In our particular example, we cannot apply $ (TApp1)$ , since the right-hand side of the application is not a function. However, we can apply $ (TApp2)$ : since $ (\lambda x.(x\;x)\;\lambda y.y) \Rightarrow^a (\lambda y.y \lambda y.y)$ , the expression becomes:

$$ ((\lambda y.y\;\lambda y.y)\;(\lambda x.x\;\lambda x.x))$$

as before, we apply $ (TApp2)$ and obtain:

$$ (\lambda y.y\;(\lambda x.x\;\lambda x.x))$$

since the evaluation is applicative, we are forced to apply $ (TApp1)$ :

$$ (\lambda y.y\;\lambda x.x)$$

finally, we obtain $ \lambda x.x$ .

Normal evaluation

We only require two rules to specify normal evaluation:

$$ (TFun) \frac{}{(\lambda x.body\; e) \Rightarrow^a body[e/x]} $$

$$ (TApp) \frac{e \Rightarrow^a e'}{(e\;e'')\Rightarrow^a (e'\;e'')}$$

Observe that parameters are never evaluated under the normal strategy. We illustrate it on the previous example:

$$ ((\lambda x.(x\;x)\;\lambda y.y)\;(\lambda x.x\;\lambda x.x)) \Rightarrow^n$$, via $ (TApp)$ : $$ ((\lambda y.y\;\lambda y.y)\;(\lambda x.x\;\lambda x.x)) \Rightarrow^n$$, via $ (TApp)$ : $$ (\lambda y.y\;(\lambda x.x\;\lambda x.x)) \Rightarrow^n$$, via $ (TFun)$ : $$ (\lambda x.x\;\lambda x.x) \Rightarrow^n$$, via $ (TFun)$ : $$ \lambda x.x $$

A fundamental property of normal evaluation is that, for each $ \lambda$ -expression $ e$ , if there exists an expression $ e'$ which is irreducible and $ e\Rightarrow^* e'$ (i.e. $ e$ reduces to $ e'$ via some arbitrary sequence of reductions), then $ e\Rightarrow^n e'$ (i.e. by applying the normal evaluation strategy, we will obtain $ e'$ .

Lazy evaluation

Consider the following example:

$$ (\lambda x.(x\;x)\;(\lambda y.y\ \lambda y.y))$$

By applying the normal evaluation strategy, we obtain: $$ ((\lambda y.y\ \lambda y.y)\;(\lambda y.y\ \lambda y.y)) \Rightarrow^n$$ $$ (\lambda y.y\;(\lambda y.y\ \lambda y.y)) \Rightarrow^n$$ $$ (\lambda y.y\ \lambda y.y) \Rightarrow^n$$ $$ \lambda y.y$$

The careful reader will observe that $ (\lambda y.y \lambda y.y)$ - i.e. the parameter of the outer function, is evaluated twice, which is really inefficient.

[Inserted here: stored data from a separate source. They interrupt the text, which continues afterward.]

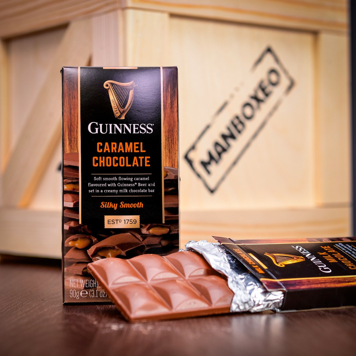 Guinness Vollmilchschokolade mit Karamell 90g – Hochwertige, zartschmelzende Vollmilchschokolade, gefüllt mit Karamell und leicht aromatisiert mit dem berühmten Guinness-Bier. Ein Muss für alle Bierfreunde.
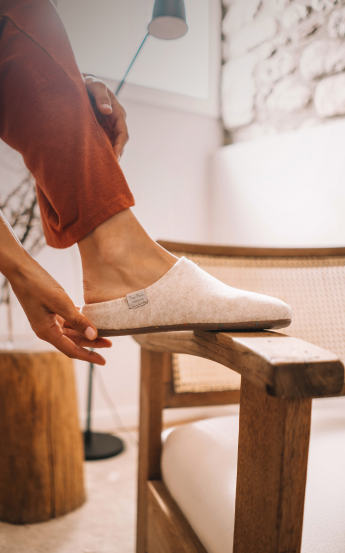 Available in a variety of colours and finishes, the women’s recycled house slippers adapt to the foot with a comfortable fit and lightweight construction. Their timeless design combines functionality and style, making them an essential choice to enjoy home life responsibly and authentically.
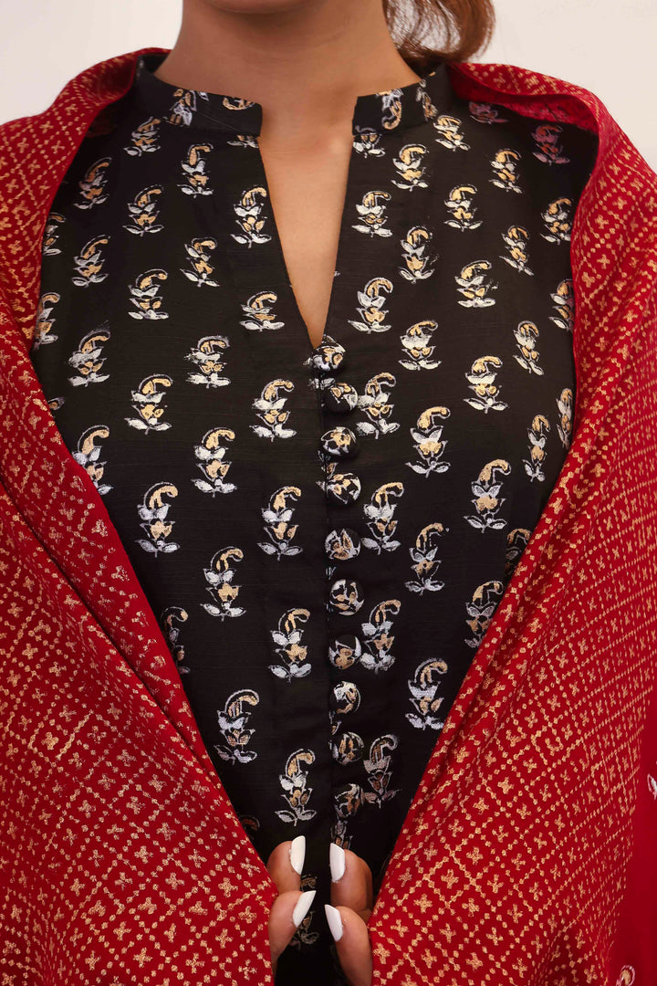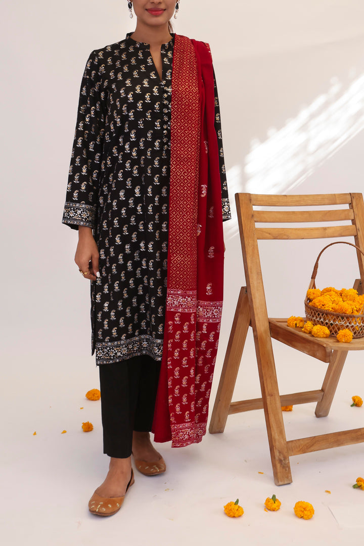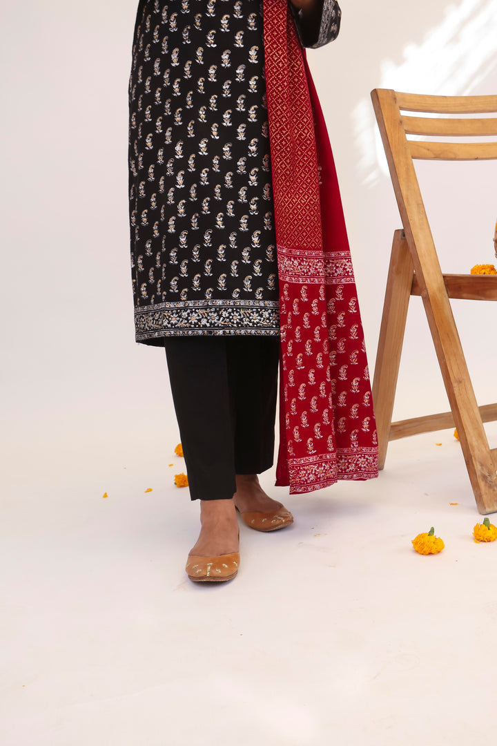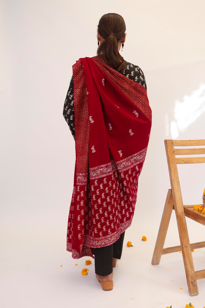 Winter Block Print Suit with Shawl - BP-238 BKM

The lazy evaluation strategy improves on this very issue. We informally illustrate Haskell lazy evaluation on this example. Note however, that lazy evaluation is a programming language-related strategy, and cannot be properly defined in the Lambda Calculus.

We start of with: $$ (\lambda x.(x\;x)\;(\lambda y.y\ \lambda y.y))$$

In Haskell, the parameter $ par = (\lambda y.y\ \lambda y.y)$ is a thunk, i.e. a memory object which contains:

the expression itself, here $ (\lambda y.y \lambda y.y)$
a value, initially unknown ?

In the above evaluation we apply the normal strategy and obtain: $$ (par\;par)$$

only here (in Haskell) the occurrences of $ par$ are not independent as in the Lambda Calculus - they point to the same thunk. Now, $ par$ is not a function, but it can be evaluated. The result is $ \lambda y.y$ . At this point, the value of the expression is stored in the thunk. Since the result is the identity function, the result is:

$ $$

but now $ par$ has already been evaluated hence the final result is immediately $ \lambda y.y$ , with no other (re-) evaluation of the inner expression.